== Records for this exercise

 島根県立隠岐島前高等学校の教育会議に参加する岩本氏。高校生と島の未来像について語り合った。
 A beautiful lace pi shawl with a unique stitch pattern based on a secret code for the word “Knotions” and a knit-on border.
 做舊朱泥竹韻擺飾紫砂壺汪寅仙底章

====
== Records for this exercise

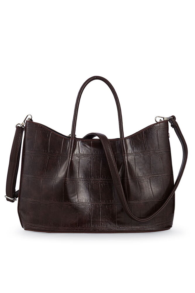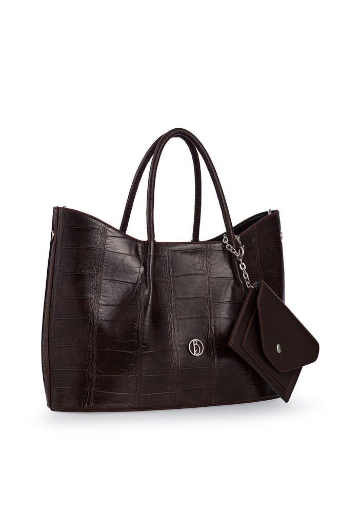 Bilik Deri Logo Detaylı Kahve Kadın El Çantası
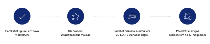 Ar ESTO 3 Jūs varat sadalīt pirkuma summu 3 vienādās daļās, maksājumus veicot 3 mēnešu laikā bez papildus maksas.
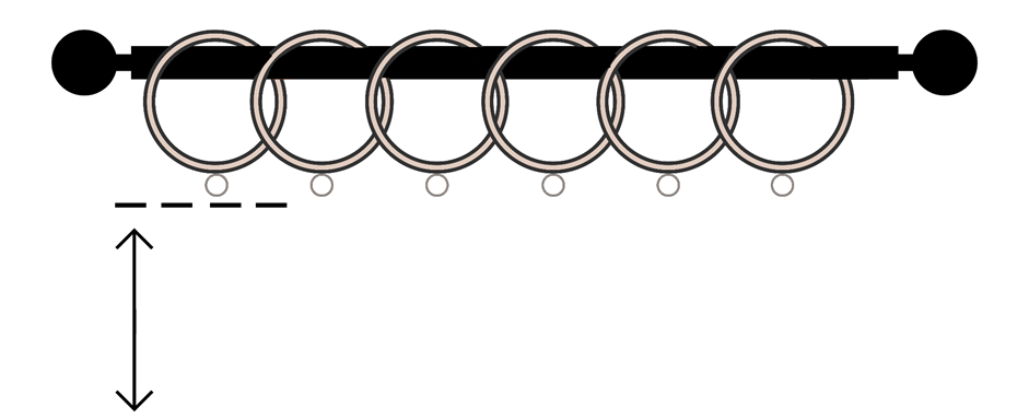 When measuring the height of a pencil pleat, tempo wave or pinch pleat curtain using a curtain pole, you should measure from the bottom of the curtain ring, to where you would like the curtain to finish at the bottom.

====
== Records for this exercise

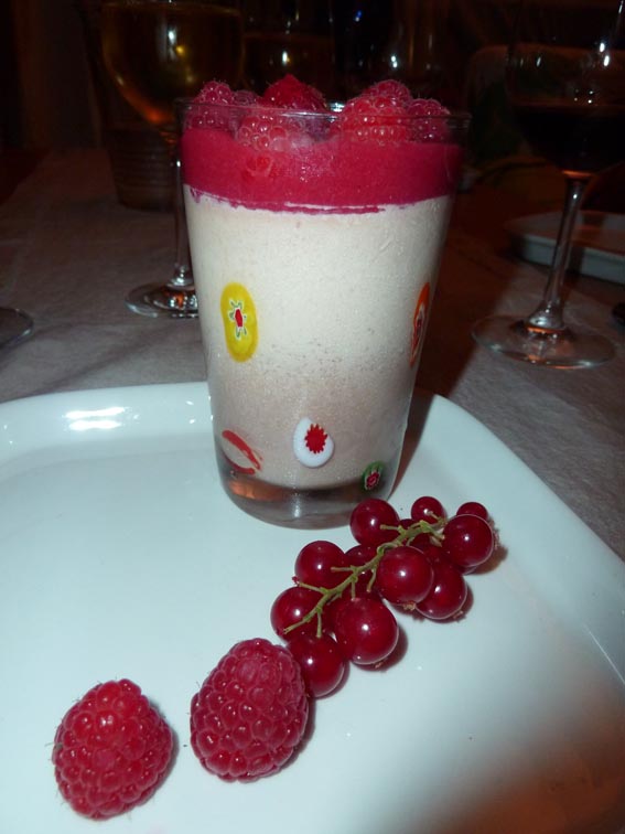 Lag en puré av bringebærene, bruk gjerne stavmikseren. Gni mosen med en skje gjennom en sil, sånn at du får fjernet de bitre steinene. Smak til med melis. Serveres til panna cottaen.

====

*Work to complete*. Looking above, find the stretch of lines that opens with the one holding "Bilik Deri Logo" and closes with the one holding "Ar ESTO 3 Jūs". Copy it exactly, pictures excluded.

*Expected answer*.
 Bilik Deri Logo Detaylı Kahve Kadın El Çantası
 Ar ESTO 3 Jūs varat sadalīt pirkuma summu 3 vienādās daļās, maksājumus veicot 3 mēnešu laikā bez papildus maksas.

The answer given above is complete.